Health

Unlocking Strength Training: Essential Insights for Women from a Pro Trainer

2025-05-09

Author: Wei

Struggling with Push-Ups? You're Not Alone!

Whether you can barely do three push-ups or are a seasoned gym-goer, it turns out that many share this challenge. Emma Simarro, a dedicated personal trainer specializing in women’s health and body confidence, reveals that even she finds push-ups a tough workout!

"I struggle with push-ups just like everyone else," Simarro admits. "The trick is challenging yourself incrementally. If you're not pushing your limits, your body won’t adapt and grow stronger." This is a reminder that strength training should be difficult yet attainable.

Start Simple: Bodyweight Exercises Are Key!

If you've never dabbled in resistance training, Simarro suggests beginning with bodyweight exercises—after all, they form the cornerstone of a strong foundation. Here are her top picks to kickstart your strength journey!

1. The Mighty Push-Up

Push-ups may be daunting, but they're undeniably effective! Simarro highlights that while they can be challenging, they're also a great exercise. If you're feeling overwhelmed, try starting with wall push-ups to build your strength gradually.

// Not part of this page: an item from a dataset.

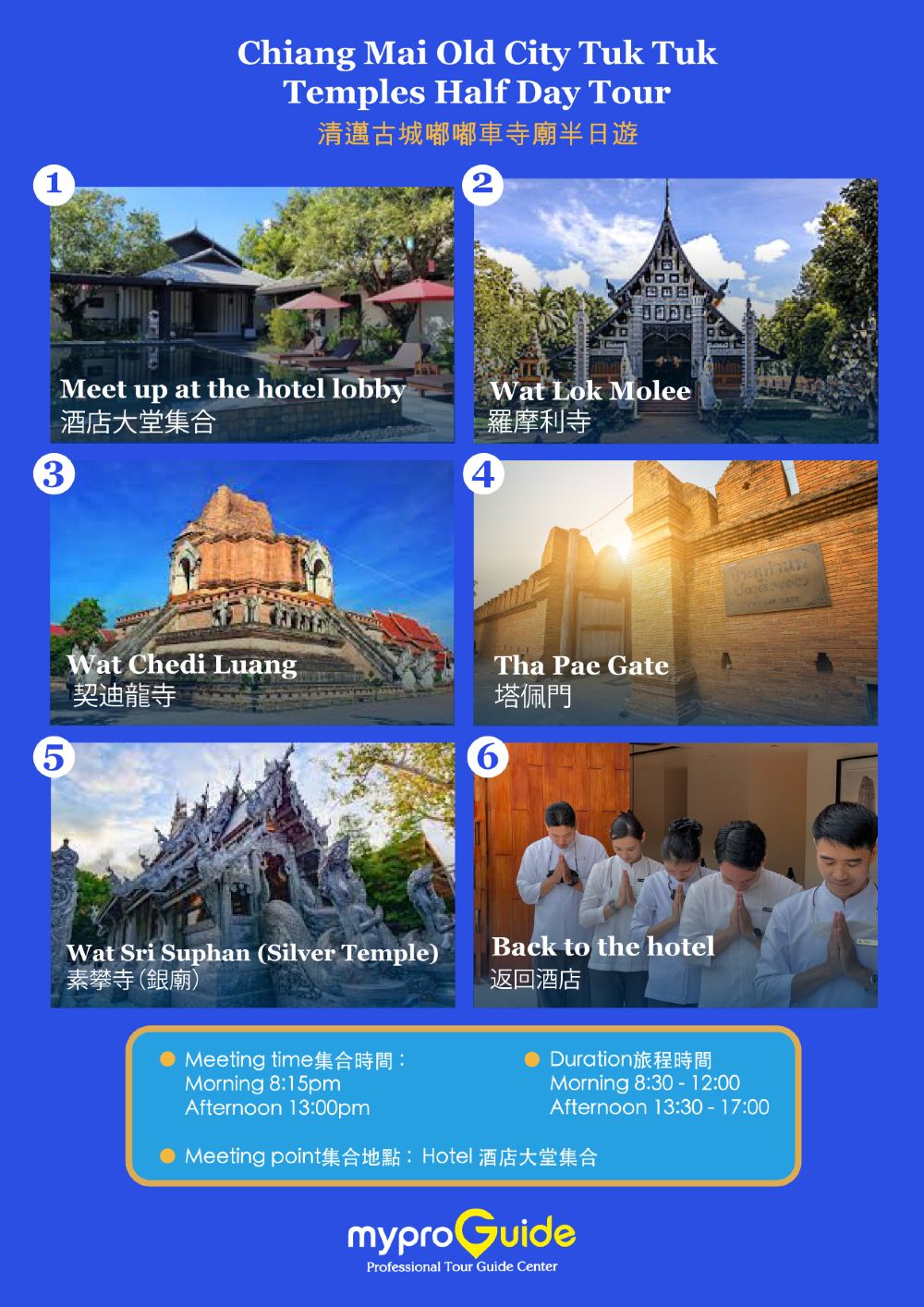Visit Wat Lok Molee (Wat Lok Moli), one of the ancient temples in Chiang Mai, featuring a Lanna-style vihara. Proceed to Wat Chedi Luang (Watchediluang Varaviharn), the home of the Emerald Buddha. Explore the bustling shops and local street markets around Tha Phae Gate. Capture beautiful photos at the renowned Wat Srisuphan (Wat Sri Suphan), also known as the Silver Temple, famous for its exquisite silver designs and decorations. Your guide will take care of your transportation and historical insights.

As you gain confidence, progress to incline push-ups using a sturdy surface like a table or bench. Finally, master the eccentric push-up technique, where you focus on lowering yourself slowly to the ground. Remember, every little victory counts!

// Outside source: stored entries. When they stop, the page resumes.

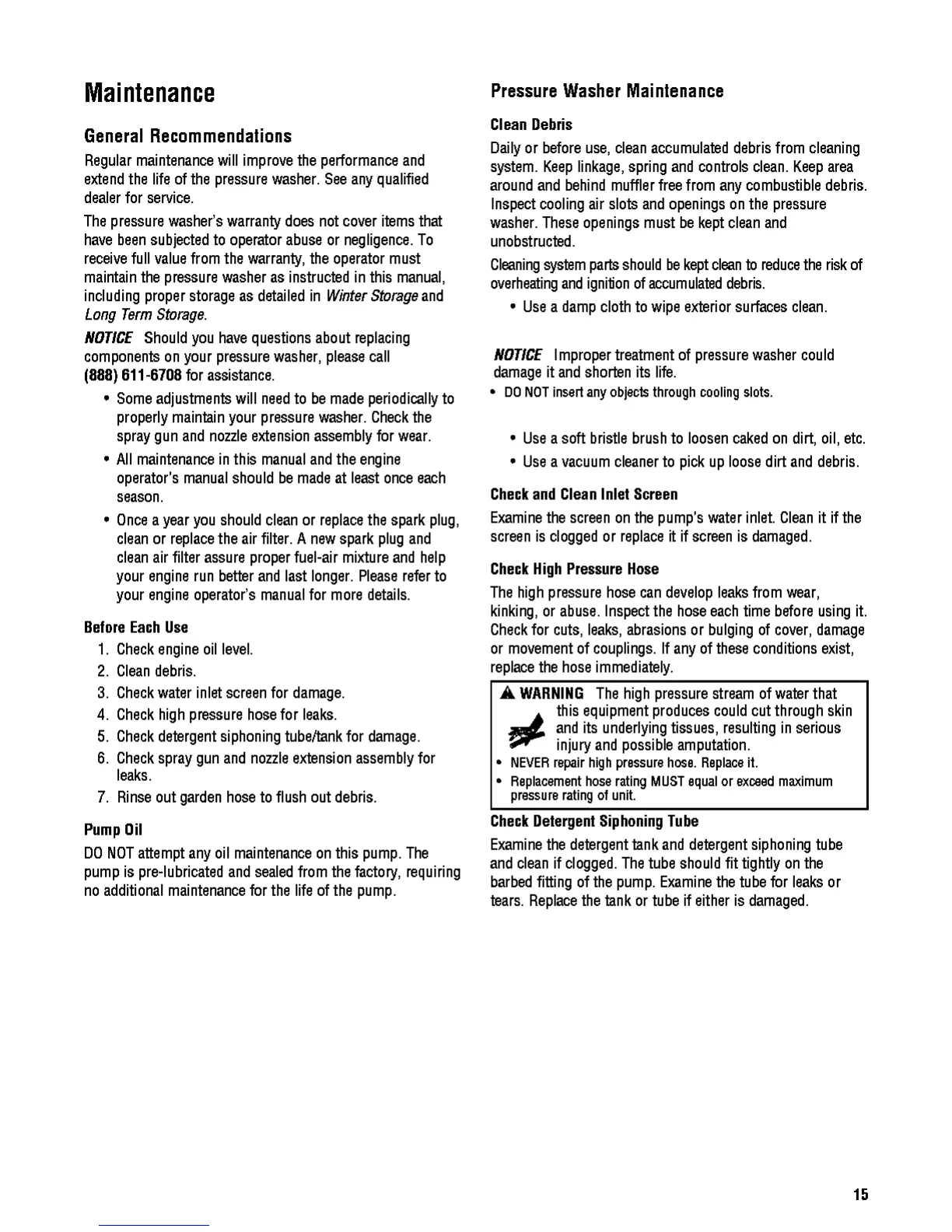 Troy-Bilt 20641 - Maintenance; General Recommendations; Before each Use; Pressure Washer Maintenance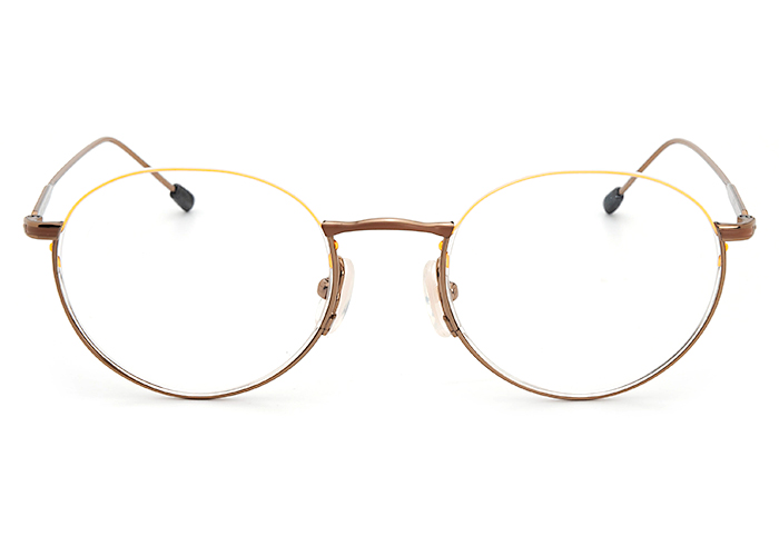発色の良い極細のナイロン糸がアクセントになり、アンダーリムなのにアイライン効果を発揮するメタルフレーム。糸と同じFC(手塗り加工)をヨロイやテンプルに施すことで切れ長な目元を表現しました。テンプルエンドのセラミックパールはバランサーとしての役割も。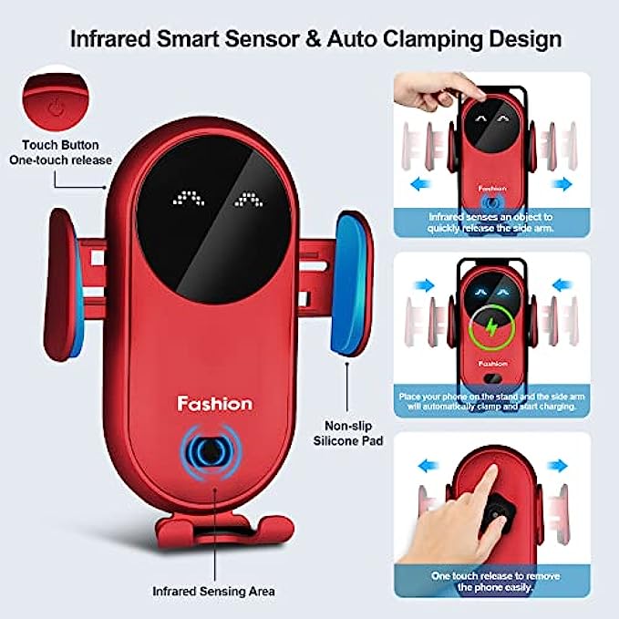 ?Infrared Auto Sensing: Put your phone close to the infrared auto-sensing area of the bracket, it will automatically open to its widest and pause for 2 s(put your phone in time), then automatically retract. When touch the button on the back of the mount, it will release and you can remove the phone. ?10W Fast Charging: The wireless charger adopts upgraded independent pure copper coil, high charging efficiency. Note: For fast charging mode requires a QC 3.0 car charger adapter (not included in the package) of 10W or more as its power supply. ?Upgraded Air Vent Clip: Retractable and 360° rotatable metal hooks, non-slip silicone cushion, high-quality knobs and user-friendly USB trunking design. Easy to install,applicable to more types of Air Vent. ?Cute Design: It designed like a happy healed fashion buddy with shinning eyes. Smiling all the time. The lovely wireless charger makes the boring driving journey more fun! ?Thoughtful Note: Low output voltage from the car's own USB port can cause the wireless charger to open &close constantly or not work. The typp-c port is not plugged in tightly, phone case is too thick or with magnetic/metal/foreign objects, it will cause the device to be unresponsive, slow to charge or hot. ?Safety Security: Wireless charger has overcharging protection, overheating protection, short circuit protection and electromagnetic protection.If the device is abnormal, it will automatically stop working, minimize driving hazards on the road. ?After-Sales Guarantee: We guarantee to provide you with the best quality and excellent service. If the product has any quality problem within 3 months, promise free replacement or refund. Please feel free to contact us for any questions.

2. The Dead Bug: Perfect for Core Strength

Looking for a killer core workout? The dead bug exercise is an excellent starting point for nearly every woman. "It’s all about stability and functionality—not just getting that six-pack!" Simarro explains.

Dead bugs effectively engage deep core muscles. Start with your body weight and, as you progress, consider adding weights for a greater challenge.

3. Squats: A Game-Changer at Your Desk

If you’re new to fitness or sit all day, bodyweight squats are a fantastic way to break the monotony. Simarro mentions an eye-opening study indicating that performing ten squats by your desk every 45 minutes yields better blood sugar results than a single 30-minute walk!

This is particularly crucial for women in midlife, who may experience increased insulin resistance.

Embrace the Challenge of Strength Training!

Listen to your body and remember: strength training is about progress, not perfection. With guidance from experts like Simarro and the right mindset, you can transform your fitness journey—one push-up at a time!